Bis zuletzt hat er zu Hause, in München, oder von seinem Krankenhausbett aus an zahlreichen Projekten gearbeitet. Okwui war überhaupt stets am Arbeiten: am Lesen, Denken, Diskutieren, Argumentieren, Schreiben. Er tat dies nicht in Isolation; er war umgeben von einem vielschichtigen Kreis von Freund*innen und Kolleg*innen, die ihn bis zum Tag seines Todes besuchten. Okwui war ein Teamworker, stets auf Mission, mit einer scheinbar unendlichen Energie und Kraft. Er stellte heraus, dass es deutsche Institutionen waren, die ihm Raum, Mittel und Leitungsfunktionen zugänglich machten, um diese, für ihn essenziellen Paradigmenwechsel einzufordern. Was viele dabei übersahen, war seine Verletzlichkeit. Die kontinuierliche Erfahrung von Rassismus, und Fremdenhass trafen ihn zutiefst, und Heuchelei nahm er sofort war.
Okwui war selbstbewusst und nahm seine berufliche Position nicht als Selbstverständlichkeit wahr. Er fand, dass seine Errungenschaften als Direktor am Haus der Kunst, einem Haus ohne Sammlung, dem er durch seine ambitionierten globalen Projekte zu internationaler Relevanz auf dem Level großer Museen verhalf, nach seinem krankheitsbedingten Rückzug durch die Herausstellung bereits vor seiner Zeit bestehender struktureller Probleme geschmälert wurden. Die in den Medien kommunizierten Gründe dieser Probleme und die Absage der Ausstellungen von Joan Jonas und Adrian Piper machten ihn wütend.
Okwui war ein eleganter Weltbürger, charismatisch und eloquent, aber seine Position war die eines Afrikaners, der die kontinuierlichen Hegenomiebestrebungen westlicher Politik und Wirtschaft nicht akzeptierte. Der andere Strang seiner Ausstellungen und Publikationen konzentrierte sich daher auf die Kunst und das Potenzial eines postkolonialen Afrikas, so auch die von ihm gegründete und zunächst mit Olu Oguibe und bis heute mit Chika Okeke-Agulu und Salah Hassen herausgegebene Kunstzeitschrift NKA.
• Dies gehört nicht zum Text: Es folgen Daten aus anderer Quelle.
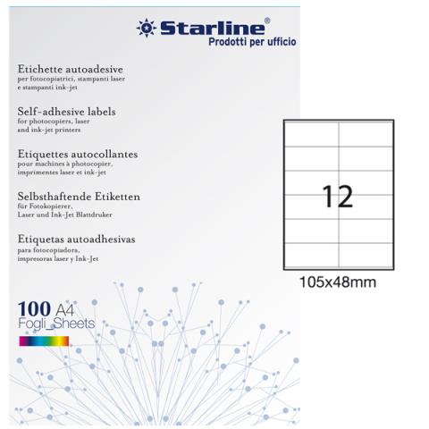 Etichette adesive - in carta - permanenti - 105 x 48 mm - 12 et/fg - 100 fogli - bianco - Starline

Trotz seiner fortgeschrittenen schweren Erkrankung war er aktiv eingebunden in neue Projekte, wie in den ersten Pavillon von Ghana auf der diesjährigen Venedig Biennale oder das neu gegründete Afrikainstitut in Sharjah, geleitet von seinem langjährigen engen Freund Salah Hassan.
Okwui war betroffen angesichts eines wieder zunehmend von Fremdenhass und Rassismus geprägten Populismus, auch war er besorgt um die Zukunft seiner Tochter. Er wollte sich weiterhin einbringen und einmischen. Wollen wir Okwuis wichtige Position und kompromisslose Haltung in der Tat würdigen, heißt dies, seine Projekte ebenso kompromisslos fortzusetzen.
Ute Meta Bauer ist Gründungsdirektorin des NTU Centre for Contemporary Art Singapore und Professorin an der School of Art, Design and Media, Nanyang Technological University. Sie war Co-Kuratorin der Documenta11.